- TASK TO COMPLETE
Below, some lines carry pictures; leave those pictures out and retype exactly the lines from the one with "이후 age를 계산할때" through the one with "Acrylic Wall Stickers".

- RECORDS SUPPLIED

==*==

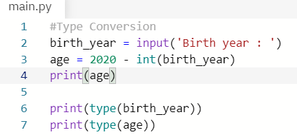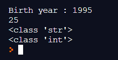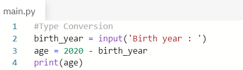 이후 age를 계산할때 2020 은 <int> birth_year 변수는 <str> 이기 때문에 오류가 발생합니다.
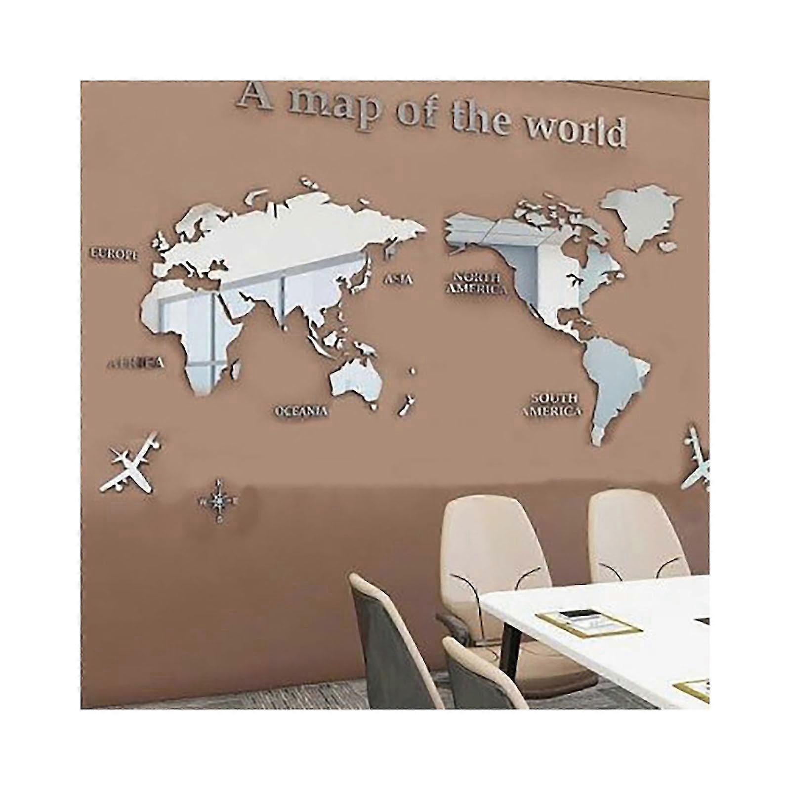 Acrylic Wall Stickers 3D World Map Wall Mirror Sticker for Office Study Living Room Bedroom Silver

==*==

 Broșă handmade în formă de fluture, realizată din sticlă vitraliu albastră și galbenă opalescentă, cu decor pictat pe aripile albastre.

==*==

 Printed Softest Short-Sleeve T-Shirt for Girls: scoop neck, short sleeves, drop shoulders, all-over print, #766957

==*==

- RESULT FOR THIS TASK
 이후 age를 계산할때 2020 은 <int> birth_year 변수는 <str> 이기 때문에 오류가 발생합니다.
 Acrylic Wall Stickers 3D World Map Wall Mirror Sticker for Office Study Living Room Bedroom Silver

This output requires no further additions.